The story of Uruguayan Air Force Flight 571 has been told on-screen before, most notably in Frank Marshall’s 1993 movie Alive. But J.A. Bayona’s Netflix movie Society of the Snow revisits it with a harrowing level of physical and psychological detail. Its complexities and moral dilemmas make it a far cry from Marshall’s feel-good story, and distance it from Hollywood disaster movies in general — including Bayona’s own saccharine 2012 tsunami drama The Impossible. Spain’s official submission for the 96th Academy Awards is an intimate version of the real-life story most people associate with cannibalism.

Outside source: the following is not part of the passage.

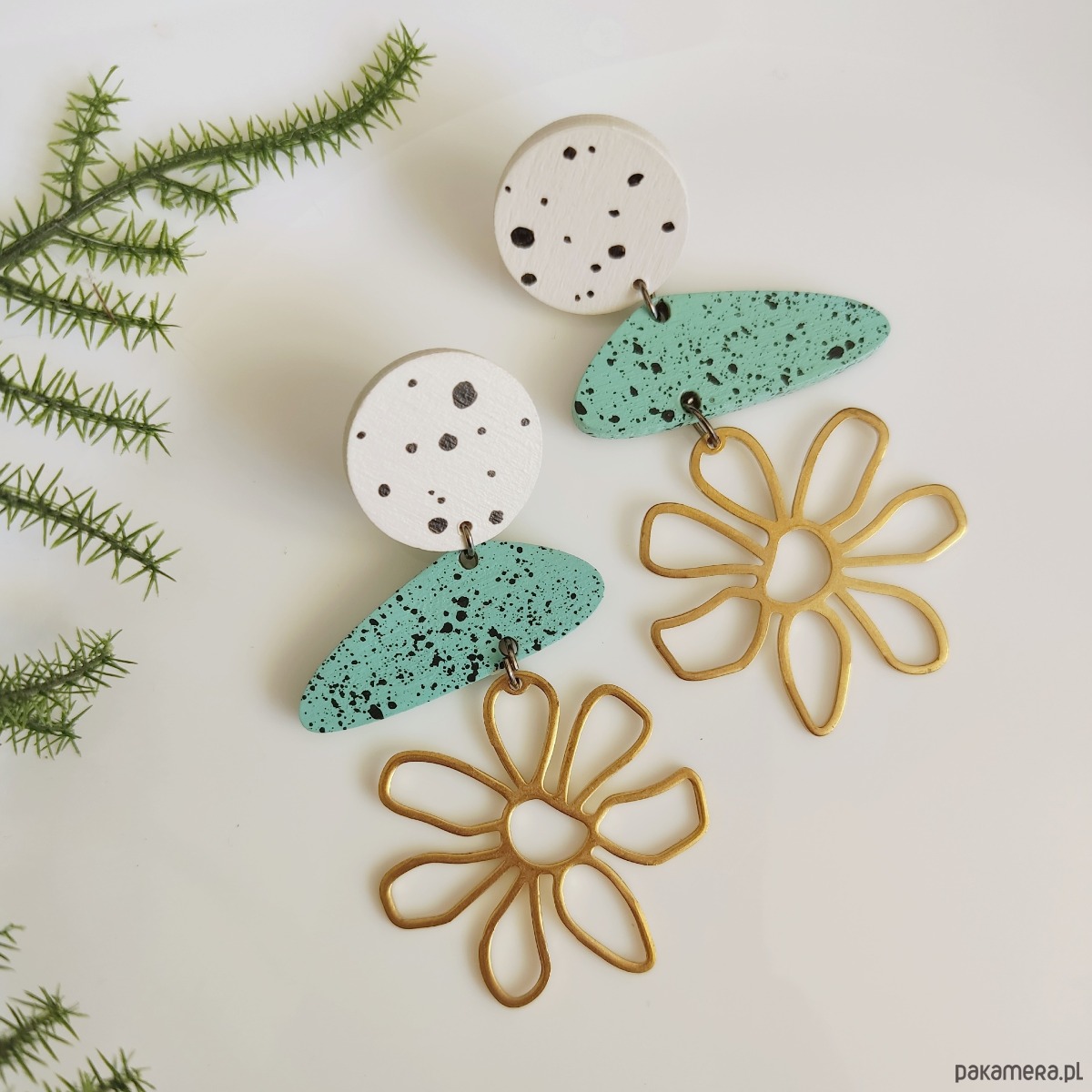 Duże drewniane kolczyki, wykonane ze sklejki i malowane ręcznie. Kwiat - mosiądz. Lekkie; nie obciążają ucha.

Based on Pablo Vierci’s book of the same name, Society of the Snow is a brutal, chilly survivor story about 571’s crash en route to Santiago, Chile in 1972. Bayona’s approach to the “triumph of the human spirit” arc — often a broad, four-quadrant, feel-good cinematic flattening of real events — is both scrutinous and rigorous. It turns the concept inside out, presenting the ordeal of 571’s survivors as a murky scenario we’ve been granted secret, intimate access to.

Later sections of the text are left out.